Uma jornada pela história dos golpes de Estado, por Leonardo Cazes

Uma jornada pela história dos golpes de Estado

por Leonardo Cazes*

Desde 2016 não se fala de outra coisa no Brasil: foi golpe ou não foi? Seja o impedimento da presidenta Dilma Rousseff, seja a tomada do poder pelos militares em 1964, a presença do termo “golpe de Estado” no debate público e as discussões inflamadas sobre seu uso motivaram Newton Bignotto, professor titular aposentado de Filosofia da Universidade Federal de Minas Gerais (UFMG) a investigar sua origem em “Golpe de Estado: história de uma ideia”.

Afinal, se não há dúvidas de que golpes de estado “fazem parte da linguagem política e do repertório de ações que estruturam o mundo moderno e contemporâneo”, como afirma o autor, bem menos claro é o caminho que este conceito percorreu ao longo dos séculos até o nosso presente.

A história que Bignotto conta tem seu ponto de partida em Maquiavel, no século XVI. Antes que golpe de Estado se tornasse um conceito bem delineado, o que só ocorreria no século seguinte com Gabriel Naudé, o autor florentino fez formulações fundamentais sobre a tópica da conquista e da conservação do poder. Este será, inclusive, o pilar sobre o qual todo o livro está estruturado.

Em particular, o professor procura articular dois níveis de análise propostos pelo italiano: uma análise fenomenológica das conjurações, abordando as diferentes formas de ataque ao poder, com um ponto de vista que chama de “topológico”, onde importa mais a geografia interna e o espaço ocupado por cada ator no momento em que o poder está ameaçado. A articulação entre estes dois níveis de análise se mostra uma chave interpretativa muito rica para compreender os golpes de Estado ao longo dos séculos.

Bignotto demonstra, também, que nem sempre golpe de Estado teve uma conotação negativa nem se restringia à tomada do poder. O francês Gabriel Naudé, no século XVII, separa o conceito de conspiração, que mantém sua conotação negativa, e positiva o conceito de golpe de Estado como ação capaz de influenciar a marcha dos acontecimentos e defender o Estado — e o rei — das suas ameaças.

No século XVIII, aponta o professor, o sentido atribuído aos golpes de Estado parecem estar pacificados e não se observa um grande debate sobre o tema. Sua vinculação à defesa do poder monárquico parecia evidente. Revolução, por sua vez, emerge como o conceito fundamental do vocabulário político do período.

A França entre as décadas finais do século XVIII e as primeiras do XIX é o cenário escolhido por Bignotto para apresentar como essas ideias políticas foram sendo mobilizadas por diferentes atores políticos em tempos extremamente conturbados. Golpes de Estado eram aplicados, mas nem sempre identificados desta forma.

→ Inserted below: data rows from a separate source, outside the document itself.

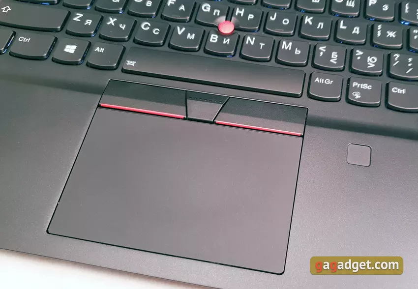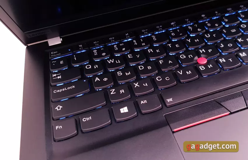 Zawiasy pozwalają otworzyć laptop o 180 ° i dobrze zamocować ekran we właściwej pozycji. Jednocześnie laptop otwiera się bez problemów jedną ręką. Układ klawiatury i elementów funkcjonalnych jest znany z poprzednich ThinkPadów: przycisk zasilania jest okrągły, z diodą LED. Umieszczony nad klawiaturą. Skaner linii papilarnych znajduje się po prawej stronie touchpada, zgubił diodę LED. Górny rząd przycisków F ma nieco zmniejszoną wysokość, na końcu wiersza znajdują się osobne przyciski Początek, Koniec i Usuń. PgUp i PgDn znajdują się po bokach strzałki w górę, a PrtSc znajduje się między prawymi przyciskami Alt i Ctrl. Trackpoint znajduje się między przyciskami G, H i B, a nad touchpadem znajdują się trzy dodatkowe przyciski. Co jest trochę denerwujące - Fn i Ctrl zmieniły miejsca, takie rozwiązanie było od dawna stosowane w ThinkPad. Ale wcześniej ich przyznaczenie można było zmienić za pomocą Lenovo Vantage, teraz z jakiegoś powodu postanowili usunąć tę możliwość. Nie jest to krytyczne, ale przyzwyczajenie się do tego będzie potrzebne:
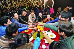 昨天,现代快报与河海大学MBA联合会,为他们临时组建了一个“大家庭”,陪他们吃年夜饭,给他们发“红包”、送年货、送祝福。现代快报记者 钟晓敏 仲茜
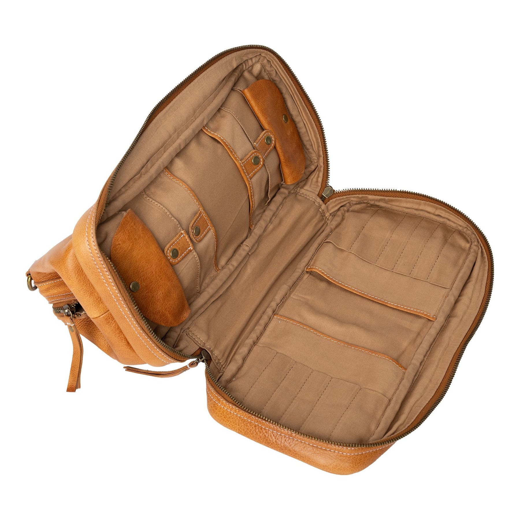 I ægte doktor-stil er denne elegante taske lavet af førsteklasses læder og har et dedikeret rum til dine rundpinde samt flere små lommer til tilbehør. Med en justerbar skulderrem er den nem at have med overalt.
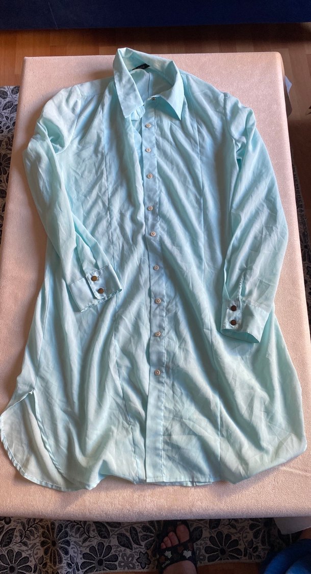 Pastel turkuaz renginde, yumuşak kumaştan üretilmiş, düğmeli, uzun kollu, yakalı ve midi boyda bol kesim gömlek. Rahat günlük kullanım için uygundur.
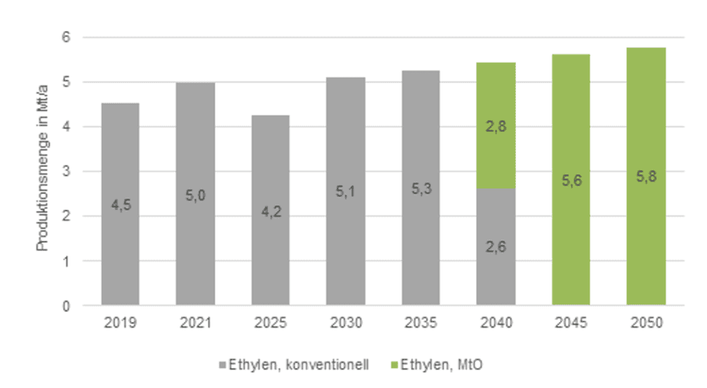 Abbildung 17: Ethylen-Produktion nach Verfahren, MTO exemplarisch als „near zero“-Produktionsroute. Quelle: Luderer et al. 2025
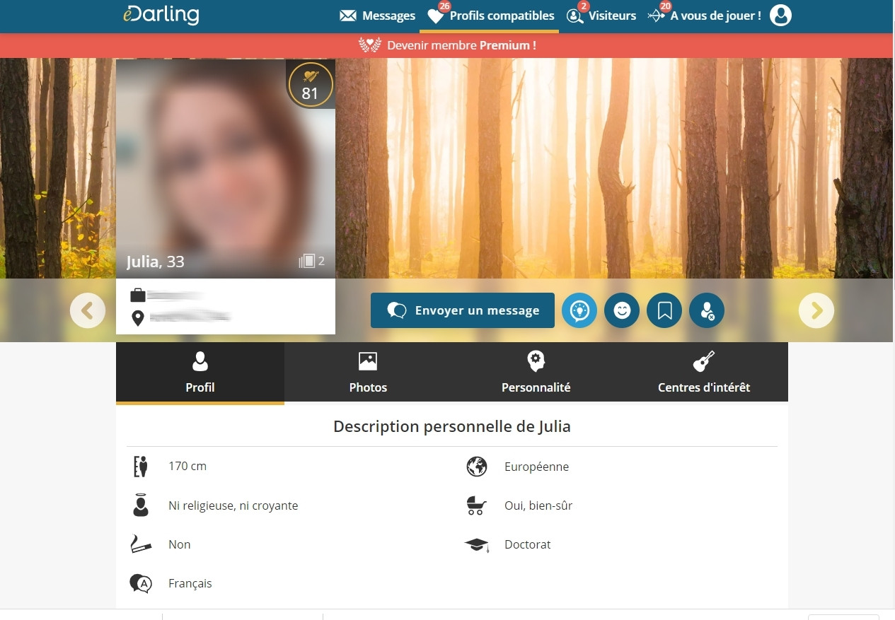 Grâce au test de personnalité, le système de matching proposé par eDarling donne de très bons résultats. Pour les voir, il suffit de se rendre dans la section « Profils compatibles ». Disponible dans le menu du haut. Chaque jour, on y trouve environ 20 à 30 profils dont le taux de compatibilité est élevé par rapport au nôtre. C’est sans hésitation la section la plus importante du site.
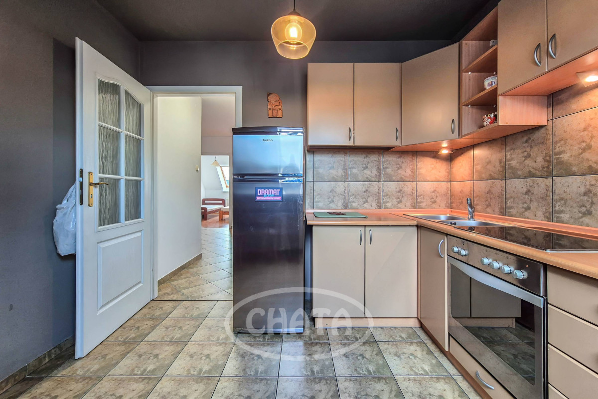 Kuchnia z meblami na wymiar, wyposażona ( lodówka, płyta grzewcza, piekarnik).
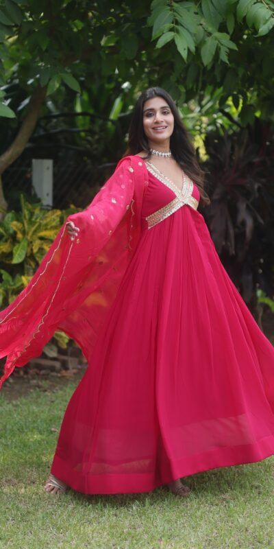 Rani Pink Faux Blooming Zari Embroidery Work Gown
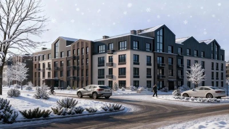 Архитектура комплекса выполнена в современном урбанистическом стиле с элементами скандинавской лаконичности. Открытые пространства между корпусами с зелеными насаждениями, дорожками и парковочными зонами формируют комфортную и безопасную среду для жизни.
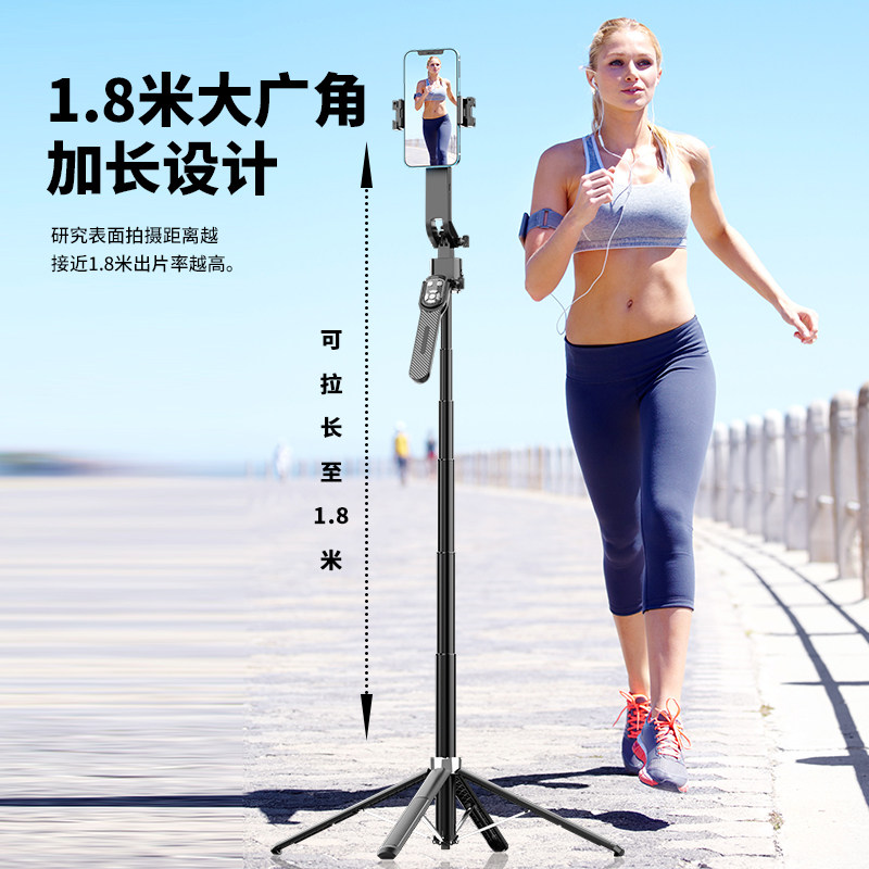 佑粒新款1.8m自拍杆防抖落地三脚架手机相机通用旅游便携手持伸缩支架拍照摄影自拍神器蓝牙远程双机位
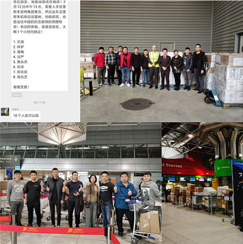 特别值得一提的是海航集团的谭向东副董事长、高建副总裁,为了协助我们把捐赠物资尽快运回国内,高度重视,靠前指挥,第一时间给予全面而具体的支持。旗下的首都航空公司市场部副总顾凌毅、货运中心高级经理田国伟协调陈肖艺、倪福元、李小戈、首航西安基地总监周瑞喜、海航速运境外管理部副总经理池梦莹以及郭宇萍等一批业务骨干加班加点,克服了时间紧张,物资量大,境外时差等诸多困难,创造了许多个“首航第一次”。蟠龙国际集团、中远海运航空公司则为这场“空中接力”提供了高端快捷的航空物流平台。而在第四批物资回运过程中,更是得到了温州市防疫指挥部的鼎力相助,帮助我们把西班牙巴塞罗那收集点上的捐赠物资,从布鲁塞尔转道回国。
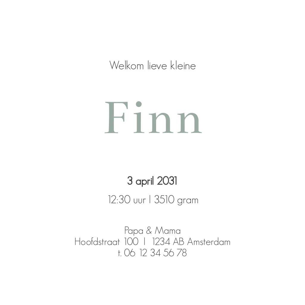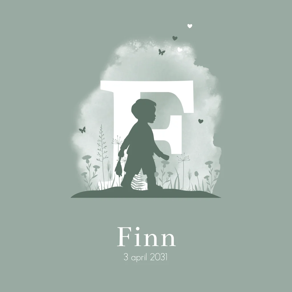Groen geboortekaartje met watercolour, silhouet en initiaal
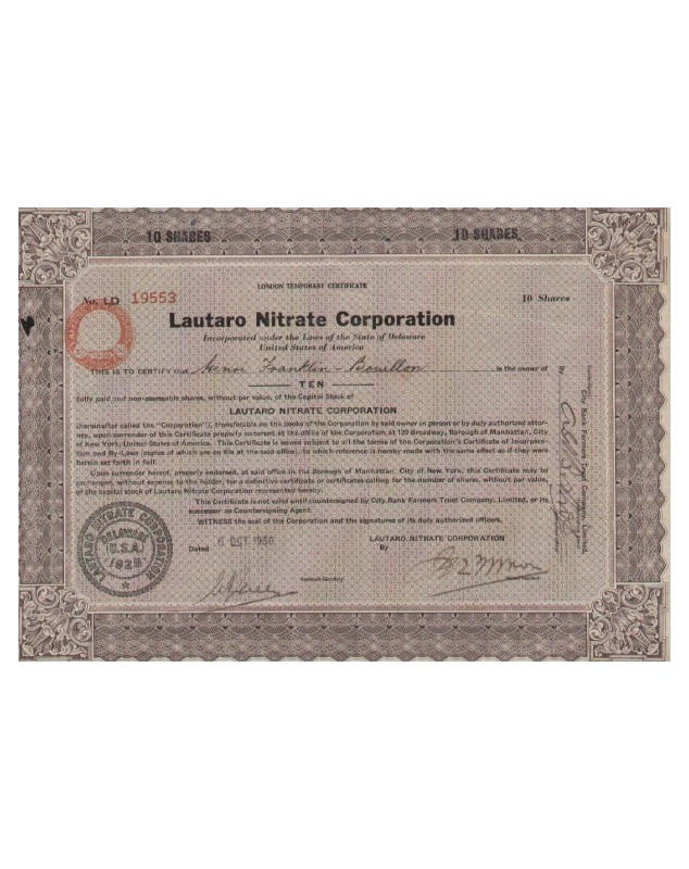 Certificat temporaire de 10 Actions du Stock - Londres 1930
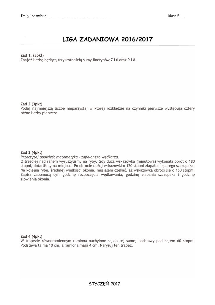 Imię i nazwisko …………………………………………………................... klasa 5...... LIGA ZADANIOWA 2016/2017 Zad 1. (3pkt) Znajdź liczbę będącą trzykrotnością sumy iloczynów 7 i 6 oraz 9 i 8. Zad 2 (3pkt) Podaj najmniejszą liczbę nieparzystą, w której rozkładzie na czynniki pierwsze występują cztery różne liczby pierwsze. Zad 3 (4pkt) Przeczytaj opowieśc matematyka - zapalonego wędkarza. O trzeciej nad ranem wyruszyliśmy na ryby. Gdy duża wskazówka (minutowa) wykonała obrót o 180 stopni, dotarliśmy na miejsce. Po obrocie dużej wskazówki o 120 stopni złapałem sporego szczupaka. Na kolejną rybę, średniej wielkości okonia, musiałem czekać, aż wskazówka obróci się o 150 stopni. Zapisz zapomocą cyfr godzinę rozpoczęcia wędkowania, godzinę złapania szczupaka i godzinę złowienia okonia. Zad 4 (4pkt) W trapezie równoramiennym ramiona nachylone są do tej samej podstawy pod kątem 60 stopni. Podstawa ta ma 10 cm, a ramiona mają 4 cm. Narysuj ten trapez. STYCZEŃ 2017 Imię i nazwisko …………………………………………………................... klasa 5...... Zad 5 (5pkt) W prostokącie, którego obwód jest równy 48 cm, różnica odległości punktu przecięcia przekątnych od dwu sąsiednich boków wynosi 3 cm. Oblicz długości boków prostokąta. Zad. 6 ( 3 pkt. ) Gwiazdka w liczbie 28692* oznacza cyfrę jedności. Jaka to cyfra, jeżeli ta liczba jest podzielna jednocześnie przez 3 i 4? Zad. 7 ( 4 pkt. ) Królicza rodzina, składająca się z trzech królików, zjadła w ciągu tygodnia 73 marchewki. Tata królik zjadł o 5 marchewek więcej niż mama, a ich synek zjadł 12 marchewek. Ile marchewek zjadła mama w ciągu tego tygodnia? Zad. 8 ( 4 pkt. ) W dwóch pudełkach jest razem 48 zapałek. Jeśli z pierwszego pudełka wyjmiemy 13 zapałek, a z drugiego 23, to w obu pudełkach będzie po tyle samo zapałek . Ile zapałek jest w pierwszym, a ile w drugim pudełku? STYCZEŃ 2017
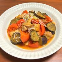 - 1 トマトは8等分のくし切りにします。ナスはヘタを取り除き、乱切りにします。
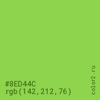 Цвет #8ED44C в цветовой модели RGB обозначается тремя октетами (142, 212, 76) в десятичном формате и #8ED44C в шестнадцатиричном (hex) формате, которые являются интенсивностью красного 142 (hex 8E), интенсивность зелёного 212 (hex D4) и интенсивность синего 76 (hex 4C).
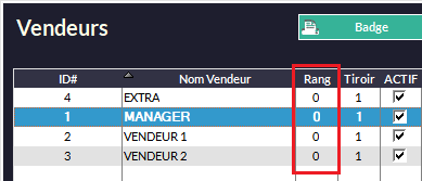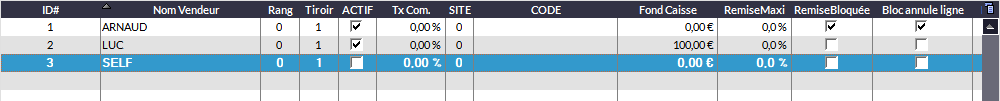 oACTIF permet de choisir s'il est actif ou non : le vendeur apparaîtra ou non dans la liste des vendeurs au démarrage du module caisse.
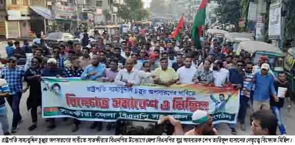 নিজস্ব প্রতিনিধি : সাতক্ষীরায় রাষ্ট্রপতি সাহাবুদ্দিন চুপ্পুর অপসারণের দাবীতে বিক্ষোভ সমাবেশ ও মিছিল অনুষ্ঠিত হয়েছে। ২২ অক্টোবর ২০২৪ রোজ মঙ্গলবার বিকালে সাতক্ষীরা জেলা বিএনপিসহ সকল অংগ সংগঠনের আয়োজনে শহরের পরিবহন কাউন্টার এলকায় জেলা বিএনপির যুগ্ন আহবায়ক শেখ তারিকুল হাসানের সভাপতিত্বে ও জেলা কৃষক দলের সাবেক আহবায়ক আহসানুল কাদির স্বপনের সঞ্চালনায় বিক্ষোভ সমাবেশে বক্তব্য রাখেন সাতক্ষীরা জেলা বিএনপির সদস্য আবুল হাসান হাদী, জেলা যুব দলের সাবেক সমন্বয়ক আইনুল ইসলাম নান্টা, পৌর বিএনপির সাবেক যুগ্ম সম্পাদক আব্দুল্লাহ আল-মামুন রাজু, জিয়া পরিষদের সদস্য সচিব প্রভাষক মনিরুজ্জামান, জেলা যুব দলের সাবেক সহ-সমন্বয়ক ফরিদ উদ্দিন, ছাত্র দলের সাবেক সভাপতি শেখ শরিফুজ্জামান সজিব, সাবেক সেক্রেটারী মমতাজুল ইসলাম চন্দন, যুগ্ম সাধারণ সম্পাদক রুহুল আমিন পাড়, আসাদুজ্জামান খোকা, সাইদুল ইসলাম হিমু, শিপলুর রহমান, সদর যুব দলের সদস্য সচিব মো. জাকির হোসেন, জেলা কৃষক দলের যুগ্ম আহবায়ক শামীম কবির সুমন, ফিরোজ শাহ ও শ্রমিক দলের রেজাউল ইসলাম রেজা প্রমুখ। বিক্ষোভ সমাবেশে বক্তারা বলেন, “১৯৭১ সালে পাকিস্থানী শাসক পলায়নের পর তাদের কোন পদত্যাগ পত্র শেখ মুজিবের কাছে ছিল না। সুতারাং শেখ হাসিনার পলায়নের পর তারও পদত্যাগের প্রয়োজন নেই। রাষ্ট্রপতি সাহাববুদ্দিন চুপ্পু মিথ্যাচার করেছেন। সাংবিধানিক রীতিকে উপেক্ষা করে দেশ ও জাতিকে সংকটের মধ্যে ফেলে দেয়ার চেষ্টা করছেন। তিনি শেখ হাসিনাকে রক্ষার গভীর ষড়যন্ত্রে লিপ্ত আছেন। বিধায় তিনি রাষ্ট্রপতি পদে থাকার নৈতিক অধিকার হারিয়েছেন। আমরা তার দ্রুত পদত্যাগ দাবী করছি।” বিক্ষোভ সমাবেশ শেষে একটি বিশাল বিক্ষোভ মিছিল বের হয়। বিক্ষোভ মিছিলে রাষ্ট্রপতি সাহাবুদ্দিন চুপ্পুর অপসারণের দাবীতে বিভিন্ন স্লোগানে স্লোগানে মুখরিত হয়ে ওঠে সাতক্ষীরা শহর। বিক্ষোভ মিছিলটি শহরের গুরুত্বপূর্ণ সড়ক প্রদক্ষিণ করে শেষ হয়। এসময় সাতক্ষীরা জেলা বিএনপিসহ সকল অংগ সংগঠনের নেতা-কর্মীরা উপস্থিত ছিলেন।

É ao longo do século XIX, quando foram registrados inúmeros golpes de Estado, sendo o mais famoso deles o 18 Brumário de Luís Bonaparte, que o conceito vai ganhando contornos mais próximos ao que conhecemos no presente: uma forma de tomada do poder fora das regras previstas pelas Constituições, mas comuns na cena pública.

Esta tensão entre golpes de Estado e as leis, o uso da força para a manutenção da ordem legal, no entrecruzamento entre a filosofia política e o Direito, é muito explorada pelo professor nos capítulos dedicados aos séculos XIX e XX — este último trazendo ainda toda a discussão acerca do estado de exceção.

Há algo, entretanto, que escapa ao que foi dito até agora sobre o livro e nem poderia ser resumido neste espaço. O grande mérito de Bignotto em seu trabalho é mostrar como o conceito de golpe de Estado foi formulado e mobilizado por atores de carne e osso ao longo do tempo, atravessados por experiências políticas que moldaram suas ideias e suas visões de mundo, e acabaram transformando o próprio conceito.

Sua história das ideias é construída num imbricamento permanente com a história política de cada período analisado, com a reconstituição de episódios significativos e apresentação de vasta bibliografia sobre cada tema — boa parte dela inacessível ao leitor brasileiro. A síntese realizada por Bignotto se torna, assim, um ponto de partida inescapável para compreender a natureza dos golpes de Estado que, como o próprio autor destaca ao final do livro, “pode ajudar a combater um mal que não foi expurgado de nossas vidas com o desenvolvimento das forças econômicas e políticas ao longo dos últimos séculos.”